■ PROBLEM REQUIREMENTS ■
Skip all pictures. Set down only the lines starting at the line containing "Cajitas Kraft con ramo de flores." and running to the end of the listing.

--- RECORDS TO PROCESS Enclosed Below ---

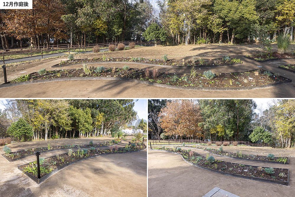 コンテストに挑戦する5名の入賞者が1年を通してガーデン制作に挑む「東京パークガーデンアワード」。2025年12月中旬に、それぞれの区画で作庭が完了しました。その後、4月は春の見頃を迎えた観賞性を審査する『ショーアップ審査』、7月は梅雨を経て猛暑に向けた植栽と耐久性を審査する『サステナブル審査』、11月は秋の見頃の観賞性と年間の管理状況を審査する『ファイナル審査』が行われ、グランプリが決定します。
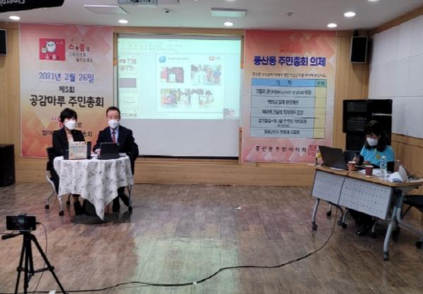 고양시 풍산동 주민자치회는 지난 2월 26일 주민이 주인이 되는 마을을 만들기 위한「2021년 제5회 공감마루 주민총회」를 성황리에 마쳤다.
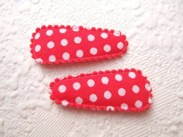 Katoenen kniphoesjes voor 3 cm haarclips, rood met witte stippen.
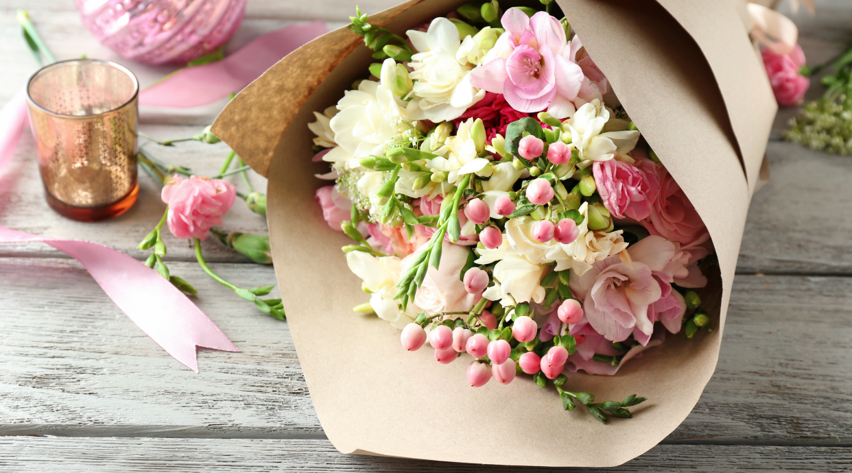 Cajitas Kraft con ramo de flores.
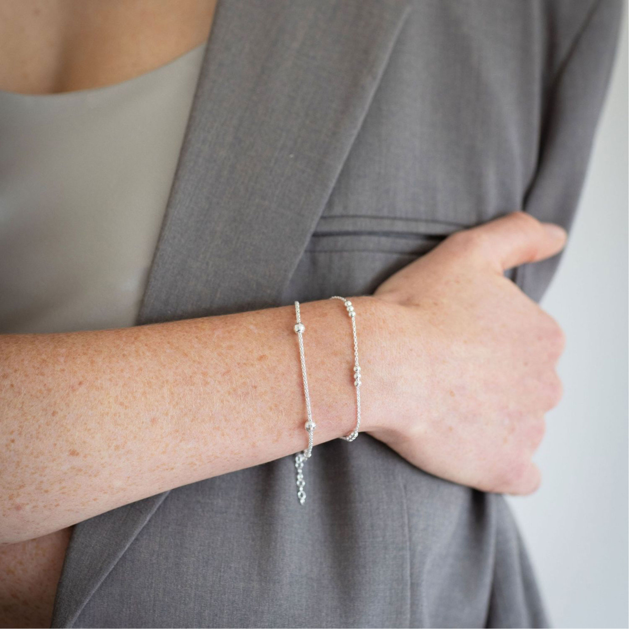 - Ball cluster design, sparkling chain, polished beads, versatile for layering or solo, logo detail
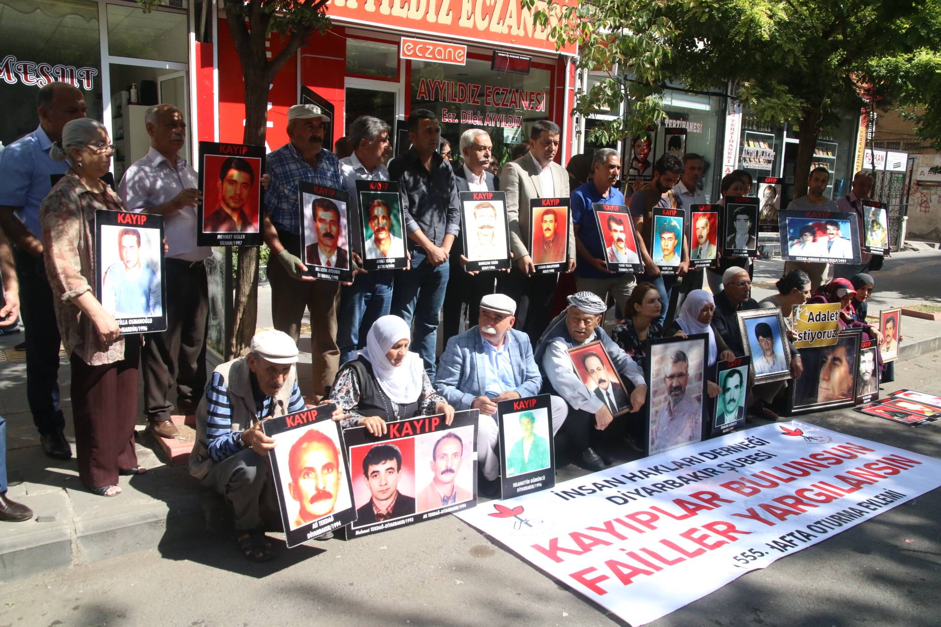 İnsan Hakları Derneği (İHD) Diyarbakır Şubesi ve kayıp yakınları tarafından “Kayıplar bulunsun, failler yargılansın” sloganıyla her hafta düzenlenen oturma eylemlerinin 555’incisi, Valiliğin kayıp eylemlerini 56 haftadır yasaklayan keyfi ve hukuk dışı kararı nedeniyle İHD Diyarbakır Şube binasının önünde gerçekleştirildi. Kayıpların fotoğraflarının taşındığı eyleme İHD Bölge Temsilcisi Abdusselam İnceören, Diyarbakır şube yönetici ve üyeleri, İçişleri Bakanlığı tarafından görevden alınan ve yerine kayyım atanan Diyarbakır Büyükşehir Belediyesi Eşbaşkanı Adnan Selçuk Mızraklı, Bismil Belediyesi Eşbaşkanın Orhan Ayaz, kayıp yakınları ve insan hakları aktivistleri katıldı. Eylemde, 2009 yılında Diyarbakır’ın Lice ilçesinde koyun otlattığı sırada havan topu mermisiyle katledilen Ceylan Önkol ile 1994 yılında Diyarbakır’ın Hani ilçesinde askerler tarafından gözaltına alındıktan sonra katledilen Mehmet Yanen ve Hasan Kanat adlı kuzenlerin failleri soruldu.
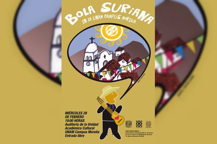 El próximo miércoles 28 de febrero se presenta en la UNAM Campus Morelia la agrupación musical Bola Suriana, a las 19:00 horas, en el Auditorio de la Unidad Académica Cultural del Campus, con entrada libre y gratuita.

--- End of Enclosed RECORDS TO PROCESS ---

■ RESPONSE ■
 Cajitas Kraft con ramo de flores.
 - Ball cluster design, sparkling chain, polished beads, versatile for layering or solo, logo detail
 İnsan Hakları Derneği (İHD) Diyarbakır Şubesi ve kayıp yakınları tarafından “Kayıplar bulunsun, failler yargılansın” sloganıyla her hafta düzenlenen oturma eylemlerinin 555’incisi, Valiliğin kayıp eylemlerini 56 haftadır yasaklayan keyfi ve hukuk dışı kararı nedeniyle İHD Diyarbakır Şube binasının önünde gerçekleştirildi. Kayıpların fotoğraflarının taşındığı eyleme İHD Bölge Temsilcisi Abdusselam İnceören, Diyarbakır şube yönetici ve üyeleri, İçişleri Bakanlığı tarafından görevden alınan ve yerine kayyım atanan Diyarbakır Büyükşehir Belediyesi Eşbaşkanı Adnan Selçuk Mızraklı, Bismil Belediyesi Eşbaşkanın Orhan Ayaz, kayıp yakınları ve insan hakları aktivistleri katıldı. Eylemde, 2009 yılında Diyarbakır’ın Lice ilçesinde koyun otlattığı sırada havan topu mermisiyle katledilen Ceylan Önkol ile 1994 yılında Diyarbakır’ın Hani ilçesinde askerler tarafından gözaltına alındıktan sonra katledilen Mehmet Yanen ve Hasan Kanat adlı kuzenlerin failleri soruldu.
 El próximo miércoles 28 de febrero se presenta en la UNAM Campus Morelia la agrupación musical Bola Suriana, a las 19:00 horas, en el Auditorio de la Unidad Académica Cultural del Campus, con entrada libre y gratuita.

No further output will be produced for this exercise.